* STORED DATA
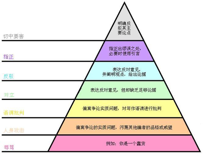 | Keywords: Graham's Hierarchy of Disagreement-zh.png zh-cn 争论的解决 2012-04-26 wikimedia commons Graham's_Hierarchy_of_Disagreement svg Rocket000åŽŸä½ ï¼ŒKuailong汉化 DrTrigonBot <span class signature-talk >talk</span> FileContentsByBot/ColorRegions FileContentsByBot/ColorRegions 0 940 0 020 PMS 11-1001 TPX White Alyssum Pantone 241 238 237 61 304 242 241 241 0 647 0 0 700 529 1 270 1 310 221 FileContentsByBot/ColorAverage 0 044 PMS 11-0603 TPX Pastel Parchment Pantone 231 223 217 0 065 230 223 218 0 132 0 716 FileContentsByBot/Properties - 705 534 PNG 1 image/png RGB 21626 cc-zero Argument maps Triangular diagrams hierarchy Uploaded with UploadWizard Categorized by DrTrigonBot Graham's Hierarchy of Disagreement |
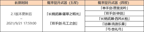 ●活动期间,四星武器「单手剑·匣里龙吟」「双手剑·钟剑」「长柄武器·西风长枪」「法器·流浪乐章」「弓·祭礼弓」的祈愿获取概率将大幅提升!
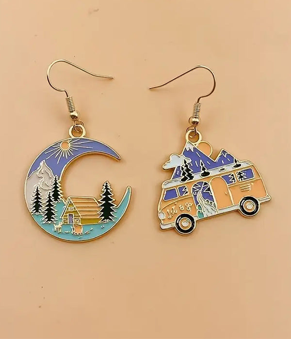 Show off your love for adventure with these fun Camping Moon and RV Earrings! Featuring a cute crescent moon and RV design in shiny GDMT, they’re perfect for hiking, road trips, or just exploring the city. Lightweight and easy to wear, these earrings add a playful touch to any outfit. Great for campers, dreamers, and anyone who loves the great outdoors!
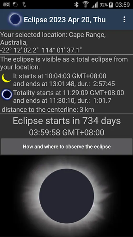 Learn, how to observe this eclipse and where you will find the best observation places. Although a bit of the eclipse will be seen from a large part of Australia, South-east Asia and the Pacific, you will get the best eclipse experience only in a narrow corridor. This app will guide you to the best places to enjoy this wonderful total eclipse and tells you what you need to observe it safely!

* TASK GOAL
Render the data above verbatim and without pictures.

* RESPONSE BELOW
 | Keywords: Graham's Hierarchy of Disagreement-zh.png zh-cn 争论的解决 2012-04-26 wikimedia commons Graham's_Hierarchy_of_Disagreement svg Rocket000åŽŸä½ ï¼ŒKuailong汉化 DrTrigonBot <span class signature-talk >talk</span> FileContentsByBot/ColorRegions FileContentsByBot/ColorRegions 0 940 0 020 PMS 11-1001 TPX White Alyssum Pantone 241 238 237 61 304 242 241 241 0 647 0 0 700 529 1 270 1 310 221 FileContentsByBot/ColorAverage 0 044 PMS 11-0603 TPX Pastel Parchment Pantone 231 223 217 0 065 230 223 218 0 132 0 716 FileContentsByBot/Properties - 705 534 PNG 1 image/png RGB 21626 cc-zero Argument maps Triangular diagrams hierarchy Uploaded with UploadWizard Categorized by DrTrigonBot Graham's Hierarchy of Disagreement |
 ●活动期间,四星武器「单手剑·匣里龙吟」「双手剑·钟剑」「长柄武器·西风长枪」「法器·流浪乐章」「弓·祭礼弓」的祈愿获取概率将大幅提升!
 Show off your love for adventure with these fun Camping Moon and RV Earrings! Featuring a cute crescent moon and RV design in shiny GDMT, they’re perfect for hiking, road trips, or just exploring the city. Lightweight and easy to wear, these earrings add a playful touch to any outfit. Great for campers, dreamers, and anyone who loves the great outdoors!
 Learn, how to observe this eclipse and where you will find the best observation places. Although a bit of the eclipse will be seen from a large part of Australia, South-east Asia and the Pacific, you will get the best eclipse experience only in a narrow corridor. This app will guide you to the best places to enjoy this wonderful total eclipse and tells you what you need to observe it safely!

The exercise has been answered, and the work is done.